Tier 3—Manual. Write an llms.txt by hand and post it alongside the PDF on your website. No bundle, no automation—but any LLM that retrieves the paper gets the orientation. Fifteen minutes, a text editor, and the knowledge that the next agent summarizing your work will read your caveats before it reads anything else.

Generating a Draft `llms.txt`

An LLM can draft the llms.txt automatically—but only the author knows which limitation matters most. Two passes: first, an LLM reads paper.md and populates the template. Second, the author edits the judgment-dependent fields. An LLM will summarize what the paper says about limitations; it cannot judge which limitation matters most—which one determines whether the finding generalizes, which sample restriction is the real binding constraint, which robustness check you would bet your career on. This is where author editing is most relevant.

Hosting the Bundles

In the case of a fully published paper, the bundle could be hosted directly by the journal. For working papers, the bundle could be hosted by either the repository (arXiv, SSRN) or the author’s website. The bundle could be linked from the paper’s landing page and included in the metadata so that it is discoverable by search engines and LLMs.

In the context of replication packages, the bundle could be hosted on platforms like GitHub or Zenodo, with a DOI for citation. The key is that the bundle is easily accessible and clearly associated with the paper it describes, so that when an LLM retrieves the paper, it also retrieves the bundle and can use the llms.txt to guide its understanding and summarization of the paper’s content and limitations.

Managing the Versions

One concern is that just as we have many versions of a paper (working paper, preprint, published version), we might end up with many versions of the llms.txt and bundle. The solution is to treat the llms.txt and bundle as living documents that can be updated as the paper evolves. When a new version of the paper is released, the author can update the llms.txt as well. The key is to maintain a clear versioning system and to link the llms.txt and bundle to the specific version of the paper they correspond to. On arXiv, this should be straightforward since each version of the paper has a unique identifier (e.g., 2401.12345v1, 2401.12345v2). For journal publications, the llms.txt and bundle can be updated to reflect the final published version, and the DOI can be used to link them together.

Conclusion

The infrastructure exists. arXiv has LaTeX source for 2.4 million papers. Overleaf has 15 million users. What is missing is not technology but convention: the expectation that when you publish a paper, you also publish a short note telling machines what it shows, what it does not, and where to look.

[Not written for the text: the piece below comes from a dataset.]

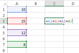 Además, Excel tiene la amabilidad de colorear las celdas que estás utilizando en diferentes colores para que así sea mucho más intuitivo y puedas evitar errores de manera visual consiguiendo marcar muy bien las celdas utilizadas en nuestras fórmulas Excel.

And for the reader who is unconvinced on the future of AI in research — the bundle improves accessibility, reproducibility, and human readability, regardless of whether an LLM is involved. The markdown version is more accessible on mobile devices and screen readers. The data and code make it easier for human researchers to verify and build on the work.

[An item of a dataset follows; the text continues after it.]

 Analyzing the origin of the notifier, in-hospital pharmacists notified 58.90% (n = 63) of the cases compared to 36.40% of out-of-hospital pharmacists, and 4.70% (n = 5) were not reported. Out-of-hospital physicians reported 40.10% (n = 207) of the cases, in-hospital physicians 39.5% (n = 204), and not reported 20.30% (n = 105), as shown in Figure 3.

The minimal ask: write a brief llms.txt for your next paper. Two paragraphs stating what it shows and what it does not. Post it with your PDF. Fifteen minutes. The value: when an LLM summarizes your work six months from now—and it will—the machine reads your caveats first. If you write in LaTeX, run Pandoc and include the markdown. At the ambitious end, include the computational environment so an agent can reproduce your results without human intervention. The minimal version costs minutes of reflection; the full version offers a path out of the reproducibility crisis.